アニメ以外に私を保つことを促してくれたものはなんだろう。

思索である。常に書き続け、時に読み思索を続ける。それを支えてくれたのは、白い大学ノート。私は、このノートに自分の思いをどれだけ綴っただろうか。百冊は下らない。無為なこと、無駄なこと、そう思っても書き続けた。ハイパーグラフィアほどではないが、書くことが私の生きる原動力だ。今は、こうしてブログがあったり、スマホの日記帳があったりするのでいつでもどこでも書ける。それは便利なことだ。

あまり書くなとかつて私の主治医は言った。

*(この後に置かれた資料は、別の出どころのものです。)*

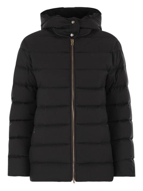 hooded quilted jacket Highlights - Beige - Quilted - High collar - Hood - Zipped pockets - Metal logo Imported Composition Outer: Polyester 100%, Polyurethane 60%, Viscose 40% Lining: Polyamide 100%, Goose Down 80%, Goose Feather 20%

だが、書かなければ、私は自分を繋ぎ止めることができなかっただろう。

他に大切なことは、苦しくても仕事を続けること。介護を含めれば二十年近くは働いてきた。かなり重い症状の頃から働くことは続けていた。

それは、統合失調症としてとても困難なことだと思う。しかし、それをやったおかげで、私は社会との繫がりを断つことはなかった。もちろん仕事をすることが困難な人も多くいるだろう。だからデイケアや就労支援施設などに通うことも大事な手だ。

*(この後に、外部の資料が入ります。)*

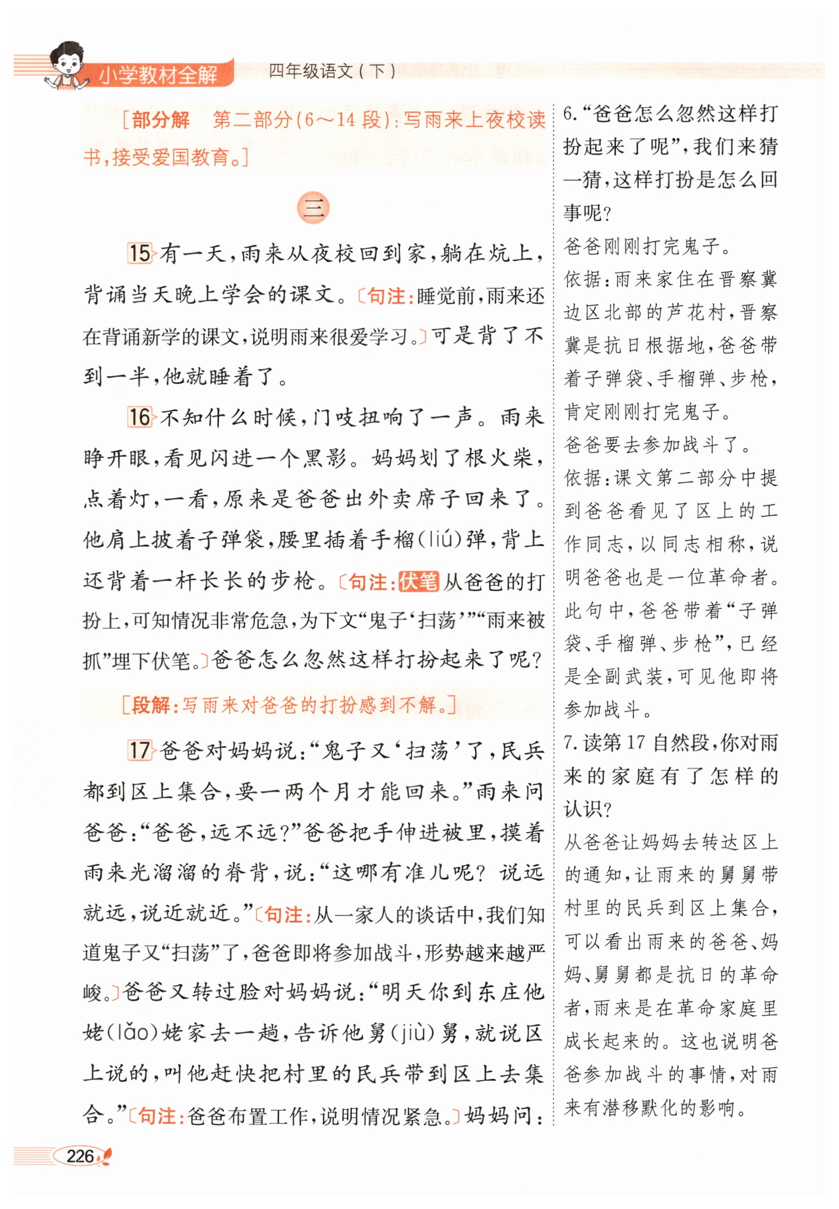 注:目前有些书本章节名称可能整理的还不是很完善,但都是按照顺序排列的,请同学们按照顺序仔细查找。练习册 2025年教材全解四年级语文下册人教版 答案主要是用来给同学们做完题方便对答案用的,请勿直接抄袭。

とにかく、他者との関係を断つことは楽なようでいて一番辛いことにもなる。一人でいれば傷つくこともないし、誰かを傷つけることもないかもしれないが、人間にとってはそれが最も辛いことにもなりかねない。私は、デイケアやそこで会った人たちにとても助けられている。

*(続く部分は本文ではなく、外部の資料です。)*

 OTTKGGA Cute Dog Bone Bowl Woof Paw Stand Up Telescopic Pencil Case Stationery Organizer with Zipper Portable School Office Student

では、病者やそうでない人もどうやってこの人生という荒波を越えていけるのか。

それには、オリジナリティが必要だと思う。私は、時々サークルで小説を書くが、ほとんど何かの引用だったりオリジナリティが無い!と言われても仕方がない。しかし、私の思索は自慢ではないが自分らしさを持ち続けている。そう。小説でなければ、誰にだってオリジナルの考え方は作れるのだ。しかし、それが時には自分を縛り付け、凝り固まった考えに陥ってしまうかもしれない。そんな時私は、認知行動療法精神分析を読む。精神分析は、統合失調症の患者には禁忌と言われているが、知識として学ぶことならばとても興味深い、面白いものだということがわかっている。ラカンの入門書を読んだ時も精神分析の目指すところは特異性とかいてあった。つまりは、自分だけの独自性ということだろう。認知行動療法は最近取り入れた療法だが、これはとても役に立つ。思索というより実践だから即効性がある。私は、私の独自性としてこの二つをミックスすることが大事だと認識している。ともすればこの二つは相反する。しかし、折衷すればとても自由度の高い深くて広い技術体系になる。だから私はこれを学ぶことを続ける。

そんなことを続けて私はなんとか人間を保っている。まだまだ書きたいこともあるがこれ以上書いても蛇足になってしまうだろう。

またどこかで振り返るときこんなことを綴っていくかもしれない。